OTIL: Moonwalking with Einstein

One Thing I Learned: Moonwalking with Einstein

Josh Foer’s investi-memoir about the world memory circuit, Moonwalking with Einstein, offers a few intriguing insights into how the mind works into its quick tour – a year in the life of a journalist who decides to give mental athletics a try, and surprises himself at how practical the mechanics of extreme memory are – and raises a few more possibilities that linger with me.

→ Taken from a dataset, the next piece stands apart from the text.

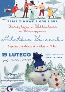 Drugie wydarzenie to „Warsztaty Milutkie Baławanki”, które odbędą się 19 lutego w Bibliotece w Goręczynie. To idealna propozycja dla dzieci i ich rodziców, którzy chcą spędzić czas w kreatywny sposób. Zapisy przyjmowane są pod numerem 697-151-181.

The core insight of the book is that memory is a function of how sticky an idea is to our human brains, or how sticky we make it. This might mean that if we want to recall something that the brain is naturally poor at – numbers, e.g. – we might try to associate that information with something the brain is uncannily good at – spatial recall being the biggest classic example. Hence, the “memory palace” is a physical space that one might mentally revisit, and try to code other information into what the brain already finds sticky in spatial terms. One mentally fills the rooms of one’s childhood home with those things that we don’t want to forget, and upon revisiting that space mentally, we find that the associations we’ve made between the childhood bedroom and the data in question is much stickier than the data in question would be on its own. Likewise, if we can manipulate the data, or code it, to resemble something much stickier to the mammalian brain – arrange that string of digits into some kind of lewd sex act, e.g. – we find that, however absurdly constructed the association is, it returns to us.

[The second principle on which memory arts functions is chunking – that is, creatively assembling several pieces of data into a single datum, allowing us to store more and more inside what feels like a small number of things to remember. If, e.g., I ask you to remember the digit string 7-1-0-2, you can probably do that with some small attention. If I reverse those digits, though, and tell you to remember the year 2017, it’s a much simpler task.]

There is a recurrent theme about synaesthesia in the text that I find fascinating and unfathomed. A number of famous natural mnemonists describe their synaesthetic experiences – intuitively associating one sense with another, drawing relations between numbers and colors, colors and smells, smells and time. Those associations, in principle, starkly resemble what the trained mnemonist tries to manufacture – laboriously constructing associations between places and things, sounds and images, personages and concepts – so that the desired information has a web of mental associations constructed around it that would allow the multipolar mind to grasp it in some sixteen different ways.

This, to me, seems to resemble how all intelligence functions: by a thick bedding of associations, we integrate every dimension of a thing, some of which dimensions are just sticky enough for us to remember, and which lead eventually to the whole network. It is a rich attention that finds thirty different intuitive associations with the Habsburg monarchy, even if several of them are poetic nonsense. It is the densification of associative logic that allows one to reach insights across disciplines. The more interconnected our concepts, the more creatively we can deploy them.

Which brings me to generative AI, seeing as that’s on everyone’s minds these days. Like many, I’ve tinkered with the newest toys from OpenAI trying to find how they’re useful or threatening. And like many writers, it’s become apparent to me that generative AI is not currently in the running to be even a poor fiction writer. That might be intuitive when we consider how generative AI is constructed: it functions on algorithms that are trained to find the most probable construction of language and ideas in any context. That is, it takes gajillions of pieces of training data, and sifting between them, finds the most well-tread, overdone, tiresome path leading out of any possible prompt. It should be no surprise that generative AI is not yet capable of writing prose that entertains, because entertaining prose is not very probable. In response to any series of prompts, the chatbot still returns the most technically proficient, wooden, tiring recitation possible, by design. Its imagination is blinkered at every turn by what seems likelier: the prosaic or the magical.

Which leads me to an interesting query: if we want to train the next generative AI to be truly creative, should we not be systematically strengthening its associations between unlike concepts, disparate disciplines, the weird and the prosaic? And if we were to do so with deliberate intent over many probably nonsensical intermediate versions of the beast, might it not just learn to mimic a human imagination, but suggest to us things that we would tire long before imagining?

Though this technology, seemingly for now, rests in the hands of a technocratic class trying to maximize its profit potential, it would be very, very timely for artists to start trying to understand how they might lend their understanding of imaginative processes – the types of associations it thrives on and how they are selected for – to its development.